Pero hoy pasó algo raro. En vez de hablarme de los mapas, como siempre, me preguntó si no me acordaba de ella. Dijo que me conoce de la cuna. Que fue la preferida de mi padre y que a veces nos cruzabamos en el parque. Aparentemente mi padre nos sacaba a pasear con la excusa de verla a ella. Le dije la verdad, que no me acordaba.

—¿A quién esperás todos los días de visita? —volvió a preguntar.

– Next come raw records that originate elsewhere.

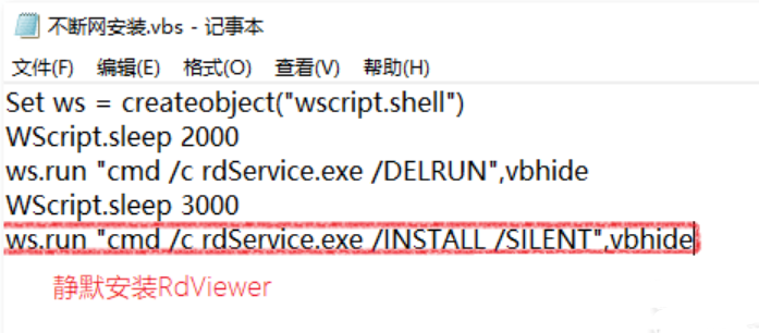 通过执行不断网安装.vbs脚本来静默安装RdViewer,相关脚本,如下图所示: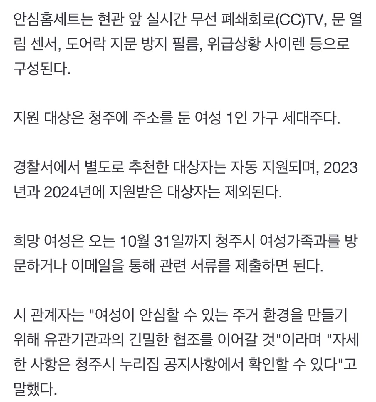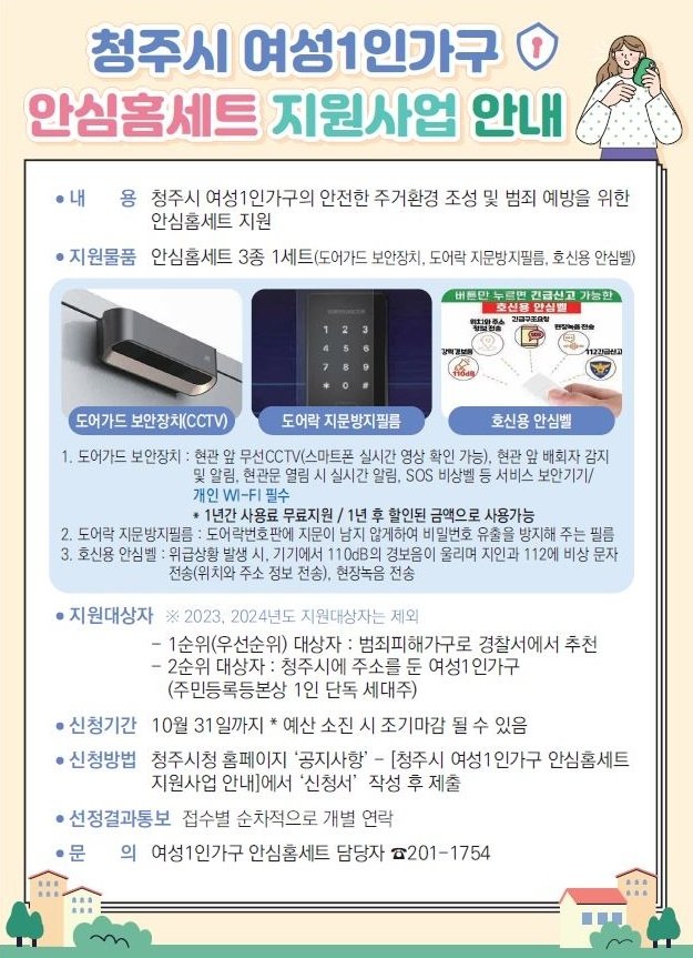청주시, 여성 1인가구에 무선CCTV 등 안심홈세트 무상지원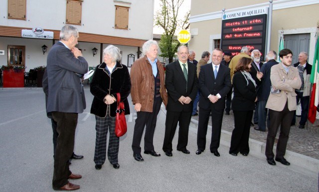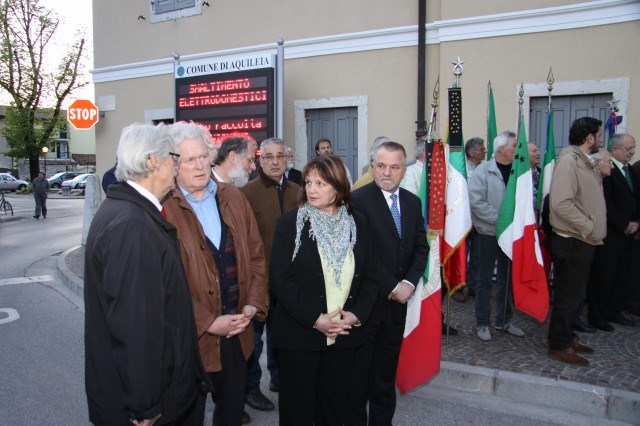Con il Sindaco di Aquileia Alviano Scarel ed il Vice Sindaco del Comune Sloveno di Pirano Bruno Fonda, città gemellata con Aquileia, erano presenti alla manifestazione svoltasi il 21 aprile 2012 Sindaci e Assessori dei Comuni di Cervignano del friuli, Villa Vicentina, Ruda, Terzo di Aquileia e Fiumicello. La cerimonia è iniziata con raduno in Piazza municipio per la posa della corona d’alloro alla lapide dei partigiani aquileiesi e corteo al monumento alla Resistenza di Via Curiel. I partecipanti sono poi proseguiti lungo via Giulia Augusta, Via Poppone e Piazza Capitolo dove nella sala romana si sono tenuti i discorsi ufficiali di: Luca Moimas, Presidente della Sezione dell’ANPI di Aquileia, Il Sindaco Alviano Scarel, il Vice Sindaco di Pirano Bruno Fonda e della Vice Presidente dell’ANPI nazionale signora Giovanna Stanka HROVATIN (Presidente dell’ANPI – V.Z.P.I. della Provincia di Trieste. La manifestazione, promossa dall’ANPI, con il patrocinio del Comune di Aquileia, ha avuto la collaborazione dello SPI CGIL, dell’AUSER e della Fondazione Valmi Puntin di Aquileia, nonchè della Banda San Paolino che ha tenuto un concerto nella sala romana.

—A mi esposa —Le respondí un poco molesto mientras estiraba el cuello para ver la hora en el reloj del pasillo. No quería que se haga muy tarde y que los demás me saquen los mejores lugares.

—Pero querido —insisitió— ¿No te acordás lo que pasó? ya hace quizás veinte años de lo que te digo —dijo la anciana haciendo un esfuerzo para enderezarse su silla de ruedas —¿No te acordás que encontraste a tu señora en la cama con otro tipo a los pocos días de casados? Vos tuviste un ataque de nervios ese día. Al tipo casi lo matás a golpes y a tu mujer la quisiste quemar viva. Menos mal que en tu desesperación le tiraste lavandina en vez de alcohol, si no hubiera sido una tragedia. Luego te quisiste colgar de un arbolito de manzanas con el cable de una plancha en el fondo de tu casa pero por suerte el arbolito no resistió y entre los vecinos y tu papá te pudieron desenrredar a tiempo. Ese día te peleaste con tu madre y tu padre porque te reprocharon haberte casado con una cualquiera. Finalmente te tuvieron que traer acá porque te volviste peligroso. Ahora ya murieron todos. Primero tus viejos, al poco tiempo que te internaron. Y a la perra de tu mujer y al otro los pasó por arriba un tren en Mar del Plata. ¿No te acordás? No va a venir nadie a verte ni hoy, ni mañana, ni pasado mañana, ni nunca más. No tenés a nadie —terminó la anciana con un hilo de voz a la vez que se dejaba caer sobre la silla nuevamente, extenuada por el esfuerzo.

—Vieja de mierda —le grité golpeando la mesa con ambas manos— ¡Mirá si vas a ser cartógrafa!

Luego me levanté y salí apurado mientras llegaban varios enfermeros alarmados por los golpes y mis palabrotas. Crucé el corredor en cuatro zancadas y a la pasada alcancé a ver en el reloj de la pared que faltaban unos minutos para que den las cinco.

—Mejor me voy a ocupar la mesa junto al jazmín —me dije a mi mismo— es la que prefiere ella. Si no llegó ya debe estar por llegar.